Data for processing: Begin
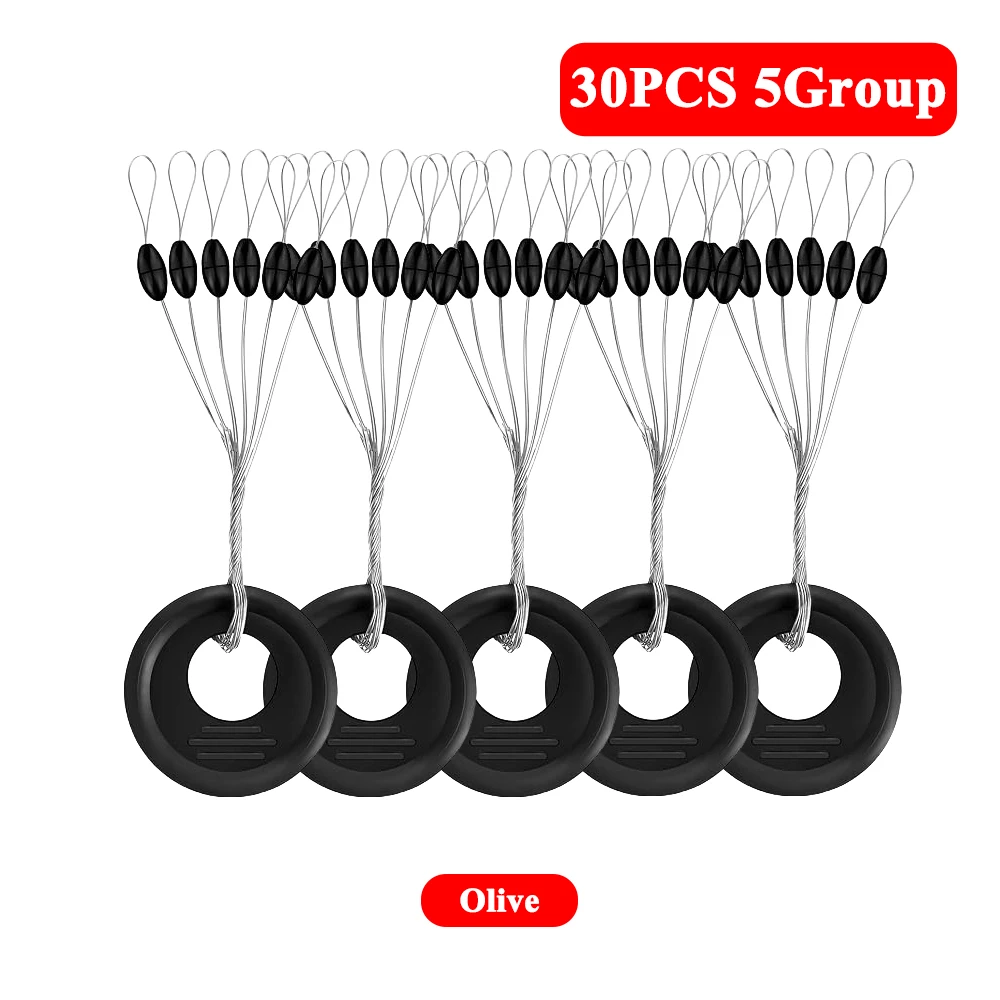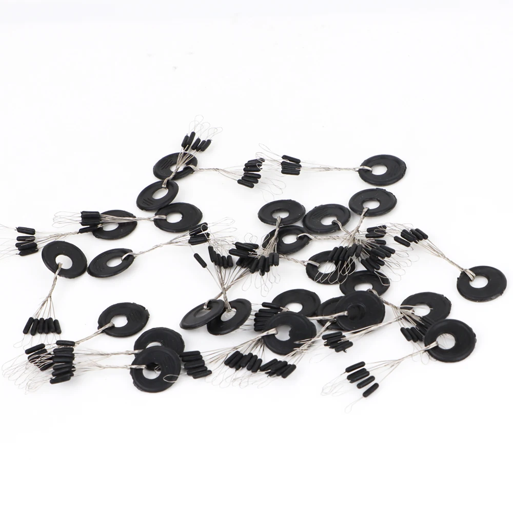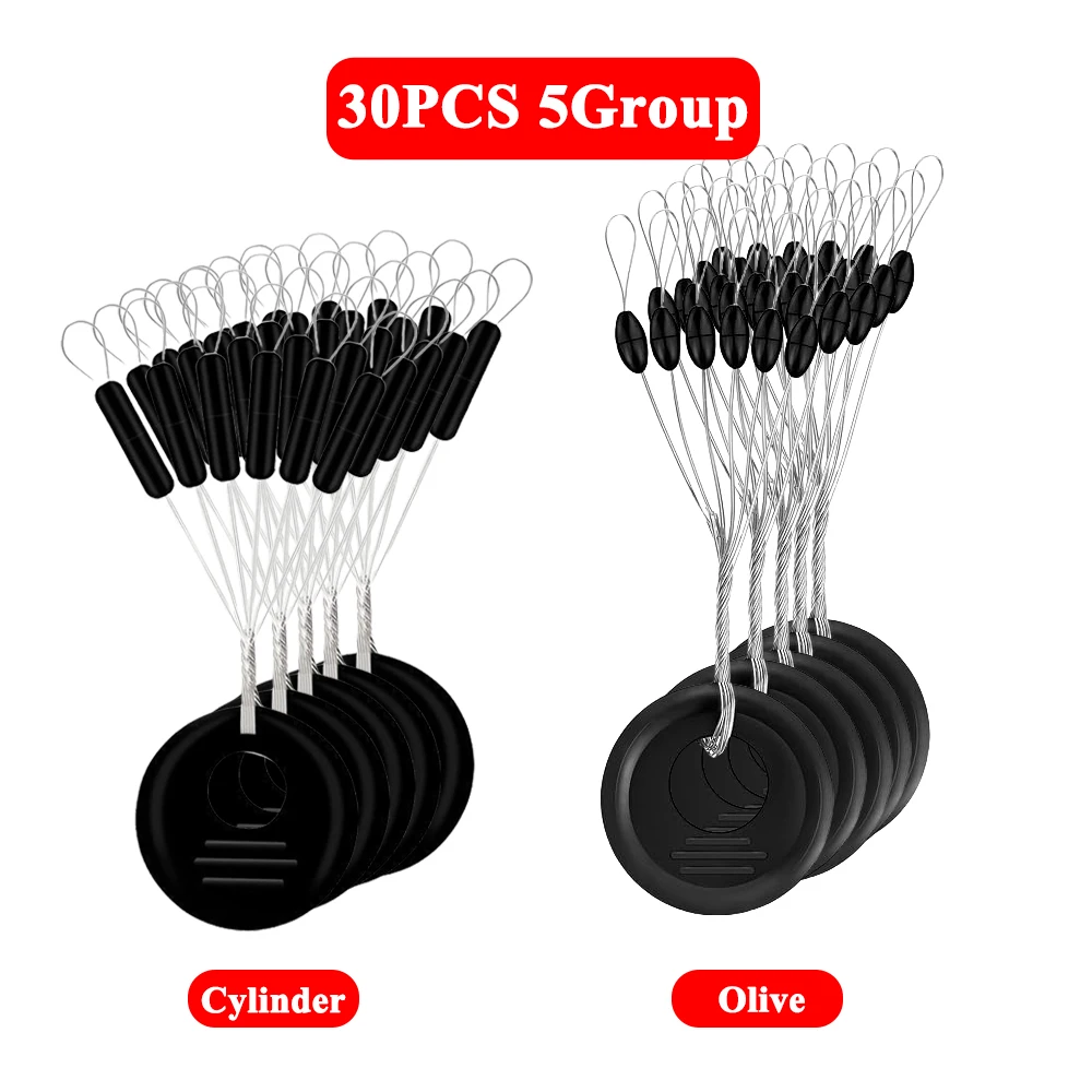 30Pcs 5Set Black Rubber Space Beans Oval Stopper Fishing Bobber Float 6 in 1Catfish Flotador Fishing Float Folat Line Stops
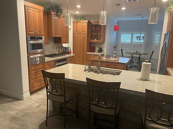 Extraordinary Home in Cottage Court with no HOA. Shows like a model home with numerous upgrades along with the most sought out RV garage. 2106 sqft., single story, 3 bedrooms 2 baths, located at the end of a cul-de-sac. Kitchen includes custom cabinets, Kitchen Aid stainless appliances, country sink, cambria stone countertops, warmer drawer, custom island with wine/drink refrigerator and a pot filler over built in stove. Master bedroom with retreat or office area with electric fireplace. Master bathroom has oversized shower, double sinks and customized walk-in closet. Shutters and ceiling fans throughout, electric fireplace in living area and wired for alarm system. 40ft RV garage with loft for storage, 50 amp outlet and 2 dump stations. Easy care desert landscaping, fenced back with large patio area. Furniture Included.
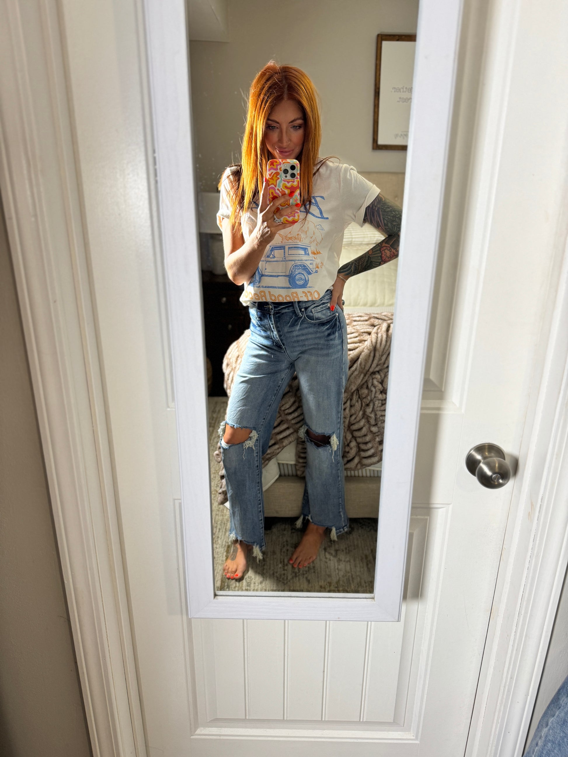 These are that pair—the ones that hold you in, smooth you out, and somehow go with everything. They are a high-rise, slim wide-leg denim dream with the perfect amount of stretch and a raw, destroyed hem that hits just above the ankle (yes, tall girl friendly!).
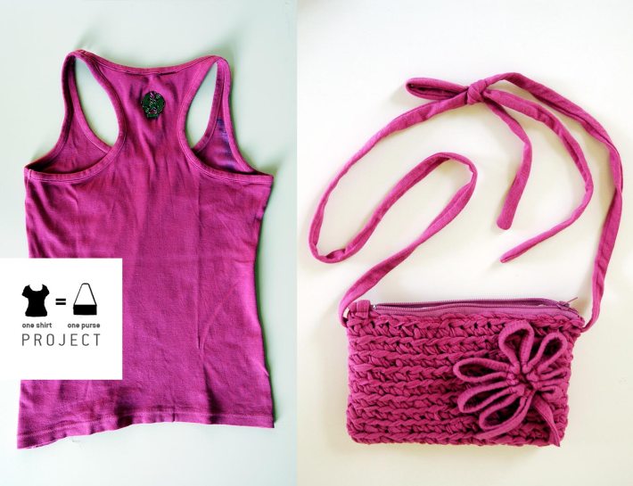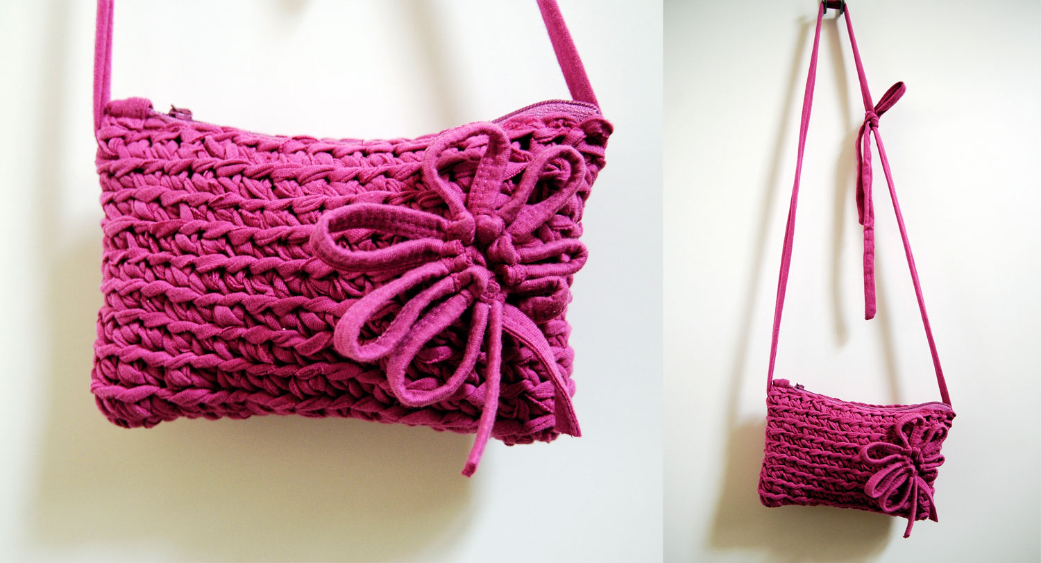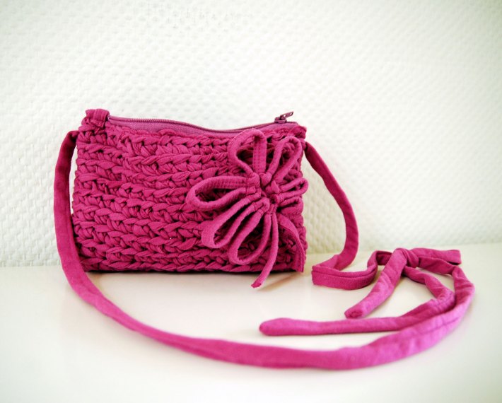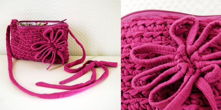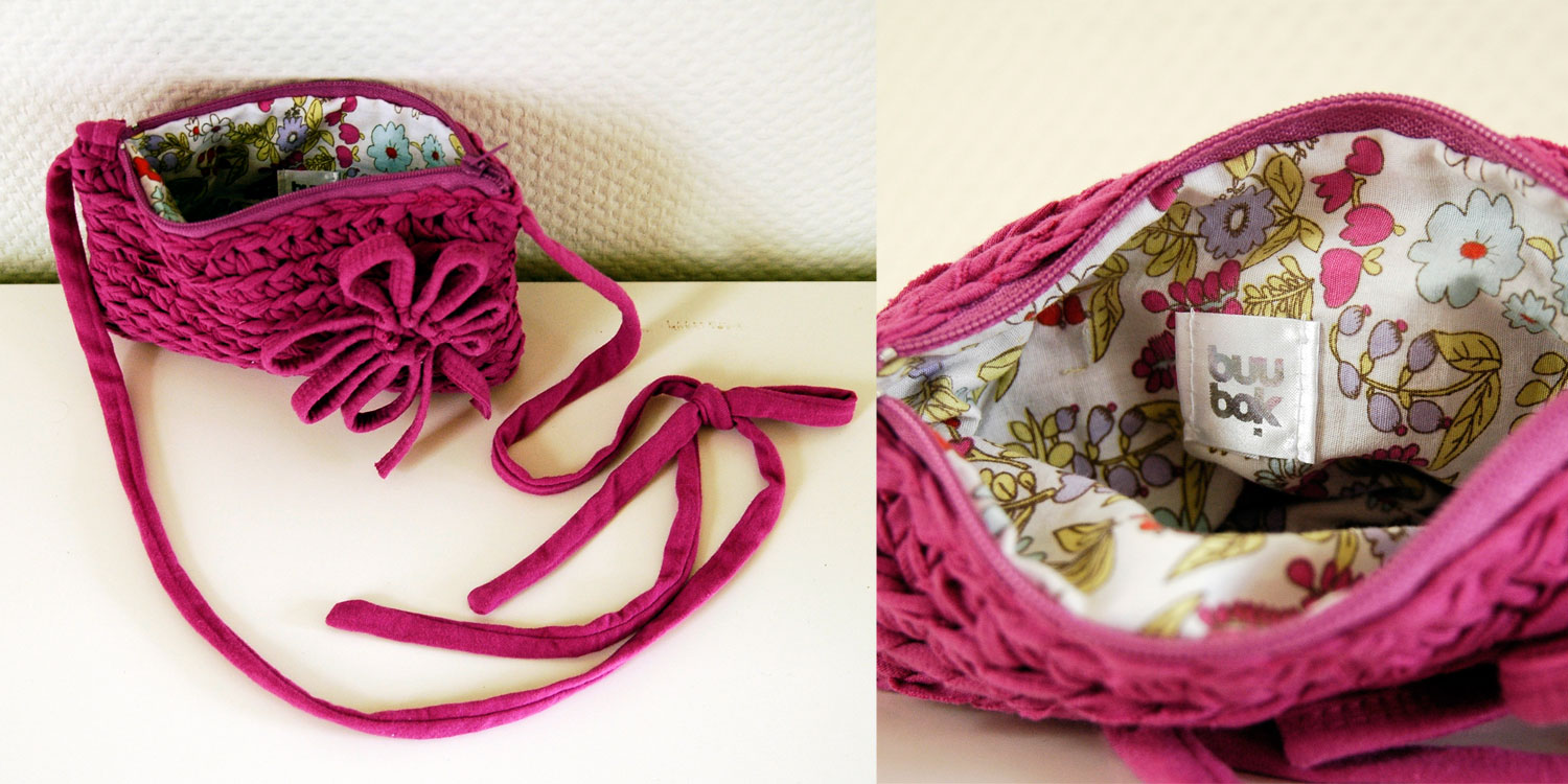 Hand crocheted from ‘t-shirt’ yarn. To make this purse Buubok used only material obtained from one shirt. The shirt is hand-cutted into strips to make a suitable yarn for crocheting. Other items such as decorations or strap are made from the elements of the same shirt also.
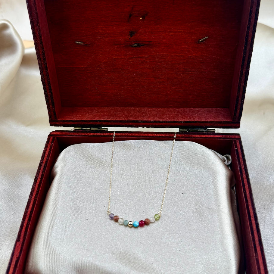 Customize your very own secret message. Wear your story close to your heart with our exquisite acrostic beaded necklace—a timeless piece where every gemstone whispers a letter, and every letter holds meaning only you know.
Data for processing: End
-- Exercise instructions --
Every line above should be copied exactly, apart from any pictures.

-- Exercise answer --
 30Pcs 5Set Black Rubber Space Beans Oval Stopper Fishing Bobber Float 6 in 1Catfish Flotador Fishing Float Folat Line Stops
 Extraordinary Home in Cottage Court with no HOA. Shows like a model home with numerous upgrades along with the most sought out RV garage. 2106 sqft., single story, 3 bedrooms 2 baths, located at the end of a cul-de-sac. Kitchen includes custom cabinets, Kitchen Aid stainless appliances, country sink, cambria stone countertops, warmer drawer, custom island with wine/drink refrigerator and a pot filler over built in stove. Master bedroom with retreat or office area with electric fireplace. Master bathroom has oversized shower, double sinks and customized walk-in closet. Shutters and ceiling fans throughout, electric fireplace in living area and wired for alarm system. 40ft RV garage with loft for storage, 50 amp outlet and 2 dump stations. Easy care desert landscaping, fenced back with large patio area. Furniture Included.
 These are that pair—the ones that hold you in, smooth you out, and somehow go with everything. They are a high-rise, slim wide-leg denim dream with the perfect amount of stretch and a raw, destroyed hem that hits just above the ankle (yes, tall girl friendly!).
 Hand crocheted from ‘t-shirt’ yarn. To make this purse Buubok used only material obtained from one shirt. The shirt is hand-cutted into strips to make a suitable yarn for crocheting. Other items such as decorations or strap are made from the elements of the same shirt also.
 Customize your very own secret message. Wear your story close to your heart with our exquisite acrostic beaded necklace—a timeless piece where every gemstone whispers a letter, and every letter holds meaning only you know.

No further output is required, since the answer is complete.